Der Fluß Sao Francisco
Der “Alte Chico”, wie ihn die FlußanwohnerInnen zärtlich und ehrfurchtsvoll nennen, hat seine Quelle im Canastra-Gebirge im Bundesstaat Minas Gerais, fließt in nördliche Richtung durch Bahia, beschreibt einen großen Bogen nach Osten, markiert zunächst die Grenze zwischen den Bundesstaaten Sergipe und Alagoas, bevor er nach 2.700 km in den Atlantik mündet. Durchschnittlich passiert sein Flußbett jede Sekunde ein Wasservolumen von über 3.000 Kubikmeter. Hauptnutzung ist die Erzeugung von Energie und Bewässerung sowie die Versorgung mit Trink- und Brauchwasser. Die ersten beiden Nutzungsrichtungen stehen im Konflikt. Zusammen mit dem fast fertigen Kraftwerk “Xingó” am Unterlauf, den genannten Werken am Mittellauf und “Trés Marias” am Oberlauf wird eine Kapazität von 13.400 Megawatt erreicht sein. Die CHESF träumt jedoch von weiteren Kraftwerken um auf 17.500 Megawatt zu kommen, weil Energieverbrauch immer noch als ein zentraler Indikator für Entwicklung gesehen wird. Und die CODEVASF möchte insgesamt 1,5 Millionen ha bewässertes Land sehen. Allein das Projekt Jaiba jedoch, das auf 100.000 ha angelegt ist, (von denen 8.000 installiert sind), würde schon 2 bis 5 Prozent der Wassermenge des Flusses konsumieren. Absurde Gigantomanie. Verschärfend kommen zwei Faktoren hinzu:
1. Das kurzsichtige Modell der Bodennutzung, das die CODEVASF und das Agrarkapital anwenden, gefährdet den Fluß und alle Menschen, die an ihm und von ihm leben. Unkontrollierte Bewässerung, rasche Versalzung der Böden und Anreicherung des Flußwassers mit Nitraten und Giften durch Mineraldünger und Pestizide sind voraussehbare Folgen dieses Modells.

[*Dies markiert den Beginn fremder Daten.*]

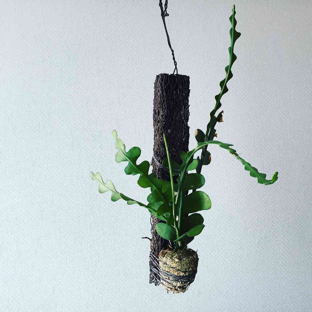 これは水苔で根を包んでヘゴに巻きつけてます。
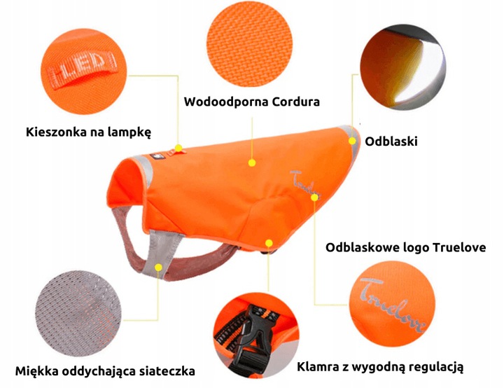 Odsevni jopič Truelove je obvezen kos opreme za vsakega aktivnega psa. Njegove opozorilne barve in odsevne črte bodo znatno izboljšale vidljivost vašega psa v slabem vremenu ali slabih svetlobnih pogojih. Ta izdelek je še posebej priporočljiv za lovske pse, pse sledilce in pse, ki delajo v težkih terenskih razmerah, na primer v gozdu. Ta deževni jopič
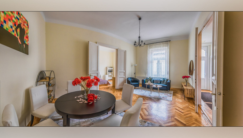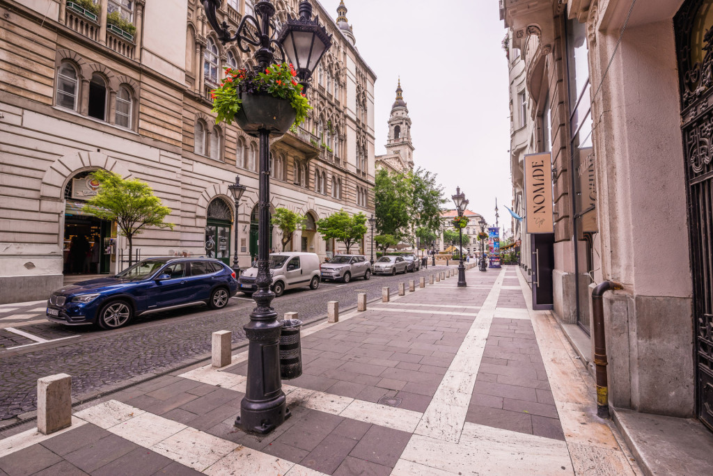 KISÁLLATTAL IS KÖLTÖZHETŐ, 88 négyzetméteres, nappali plusz 2 hálószobás, elegáns lakás kkiadó a Hercegprímás utcában, közvetlen a Bazilika közelében. Az ingatlan a társasház 4.emeletén található, lift van. Az ablakok a csendes, belső udvarra nézne. A fűtést gázkazán biztosítja, a lakás klimatizált.

2. In Minas Gerais werden im weiteren Einzugbereich des Flusses jährlich zehntausende Hektar Wald zur Holzkohleverarbeitung für die Eisenverhüttung abgeholzt. Dies hat Klimaveränderungen größeren Ausmaßes zur Folge, u.a. die langsame Vertrocknung des Sao Francisco und seiner Zuflüsse. Darüber hinaus erodieren die Böden, und der Fluß trägt die Erdmassen zum Sobradinho, der in kurzer Zeit verlanden wird.
Die Bauern und Bäuerinnen von den Gewerkschaften und Genossenschaften des Polo Sindical sind sich dieser Zusammenhänge bewußt und beauftragten den Polo Sindical, Elemente einer alternativen, ökologisch und ökonomisch nachhaltigen Bodennutzung insbesondere in den Umsiedlungsprojekten zusammenzutragen und zu verbreiten. Weiterhin wird der Polo an einer überregionalen politischen Vernetzung teilnehmen, um dazu beizutragen, die Gefahr für den “Alten Chico” abzuwenden.